3) You are the International Directors of the “Teams of Our Lady” Movement and have just concluded an important meeting in Paris. What future plans and visions emerged from your meeting?
We accepted responsibility for the “Teams of Our Lady” Movement worldwide last July in Fatima, Portugal. With approximately 9,000 people present from over 70 countries, including 400 priests and bishops, 4,000 couples and 200 widows and widowers, we spent a week together which had the parable of the prodigal son as its theme and the motto: “Reconciliation, a sign of love”. At the end of the meeting we established orientations in the form of a mandate for members of the Movement over the next six years. Our guiding motto is: “Don’t be afraid. Let’s go forth…”; it is an invitation to act, to put our vocation and our mission into action, beginning with the specific aspect of our charism: married spirituality.
The meeting that we recently held in Paris with the group of people responsible for the movement internationally was the first of 3 annual meetings and its aim was to understand how the motto of Fatima could be brought to every member of the Movement so that they too could make it a reality in their lives. This is why we established a number of action points to help up face the challenges within and outside the Movement, in conformity with the Church’s and in particular Pope Francis’ invitation to go to the peripheries as agents of mercy. This appeal is well expressed by the Pope in his recent Apostolic Exhortation “Gaudete et exultate” (GE 26) “It is not healthy to love silence while fleeing interaction with others, to want peace and quiet while avoiding activity, to seek prayer while disdaining service. Everything can be accepted and integrated into our life in this world and become a part of our path to holiness. We are called to be contemplatives even in the midst of action, and to grow in holiness by responsibly and generously carrying out our proper mission.”

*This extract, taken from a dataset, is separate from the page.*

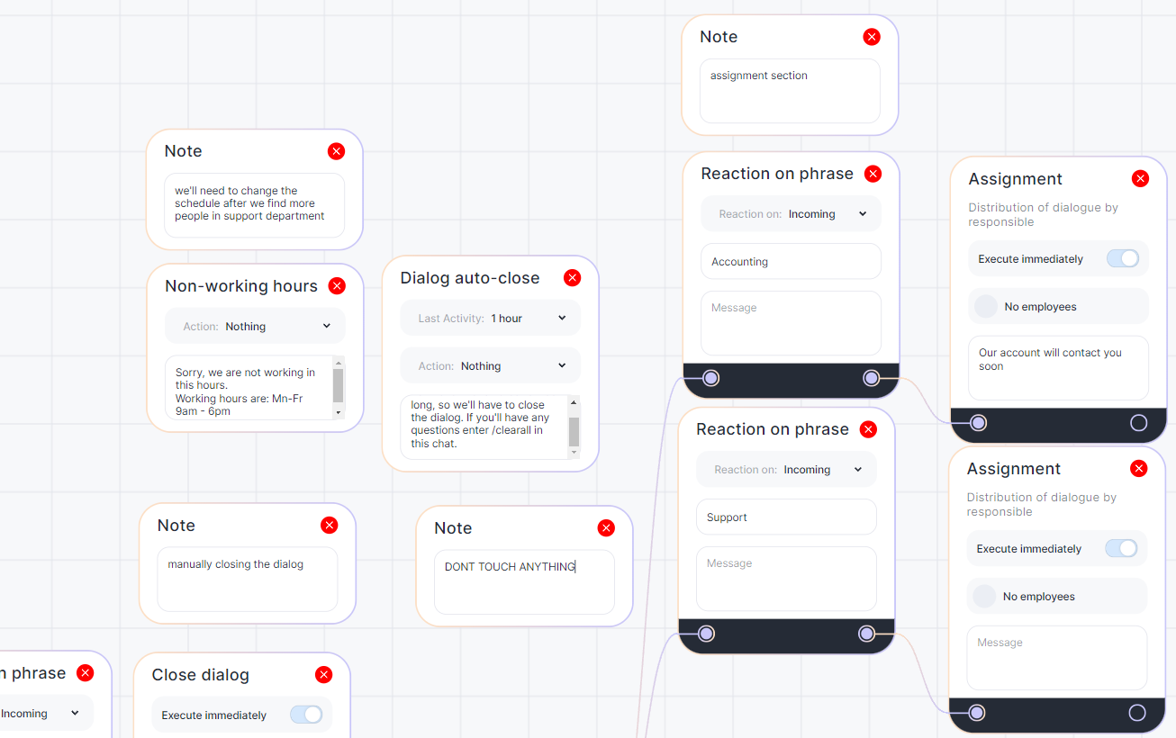 Use the ‘Note’ block to make it easier for you to navigate through a complex script with many branches, separate chains, and stand-alone blocks. This block does not affect the script and can be used for communication within the team. This is especially important when more than one person is working on the bot at once.
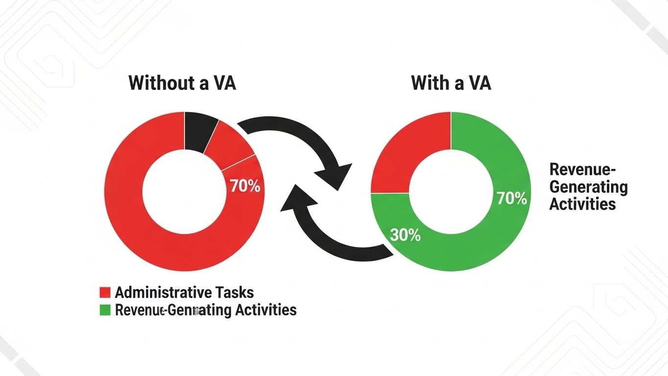 Time Multiplication: Real estate VAs handle administrative burdens, allowing you to focus on high-value activities like client relationships and closing deals. Studies show that realtors spend up to 70% of their time on administrative tasks time that could be better invested in revenue generation.

Themes we are developing include the art of accompanying widows and widowers, preparing and accompanying young people for matrimony and the first few years of married life, working on other realities of married life such as accompanying adults, listening to young people…etc.
4) Could you tell us something about yourselves, your family, your lives, your work…? “
We are both Columbian and have been married for 32 years. We have 2 children – a boy of 26 years who recently got married and a daughter of 24 years who still lives with us. We live in Bogota which is a cosmopolitan city with a population of about 8 million. Clarita teaches music and catechesis and Edgardo still works as a civil engineer. We have been members of the “Teams of Our Lady” movement for 22 years which has nourished our married spirituality; we have carried out duties of service in various fields. We will now be responsible for the Movement all over the world for the next six years. Our life is divided between Edgardo’s professional work, the work of our “Teams of Our Lady” and the frequent trips required by this role. We are convinced that each one of us has a mission and responsibility in this world to be bearers of hope and to reflect Christ’s love for humanity, making him present in our own environment and the peripheries we have to reach.